One of Lucas's earlier animations that best illustrates his ability to make us feel deeply for his characters is called, Slim Pickings (1999). The style is completely different from his silhouette style (claymation vs. cutout), but the raw emotion and potent story telling is still there.


Agh! My heart just breaks for the poor, selfless tomato plant! Why did the creature not look down before he committed the deadly act? Probably because Lucas likes to play with bitter irony. And now the creature must forever live with the guilt of having killed a generous friend who could have sustained him through the times of starvation. So tragic.



Here Lucas took a very different route, but from a rare 1988 version of his film Shadowland, we can see where the first inklings of Jasper Morello were emerging.


Interesting how he utilized organic materials such as leaves, twigs, and insects to achieve his visual effects. Very beautiful and unique.






In his 2002 animated short, Holding Your Breath, his style continued to develop.


Again, so beautiful and dreamlike...




It's hard to find any basic biographical information on Mr. Lucas, but he is from Australia, is a self-proclaimed sci-fi geek, is married to his producer, and has made an award winning animated short with his children about his son Henry's rabbit entitled, My Rabit Hoppy (2008).

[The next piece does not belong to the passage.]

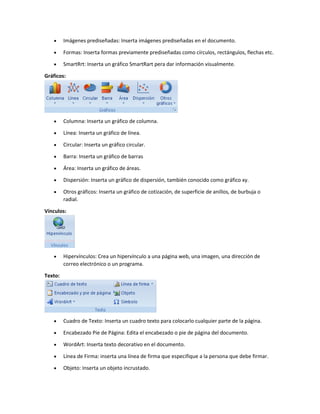 Este documento proporciona información sobre las diferentes fichas o menús en Excel 2010, incluyendo Insertar, Inicio, Diseño de Página, Fórmulas y Datos. Describe los grupos y elementos que componen cada ficha y explica su propósito y funcionalidad.

Since winning the Grand Prix at the Annecy Int’l Animation Festival and getting his Oscar nomination, Lucas has been receiving a number of live-action scripts to consider directing. He also served as a third-unit director on the live-action adaptation of Where the Wild Things Are.


Right now, his passion is still finishing the story of Jasper Morello. Either way, I'm eager to see what talented project this filmmaker has planned for the future.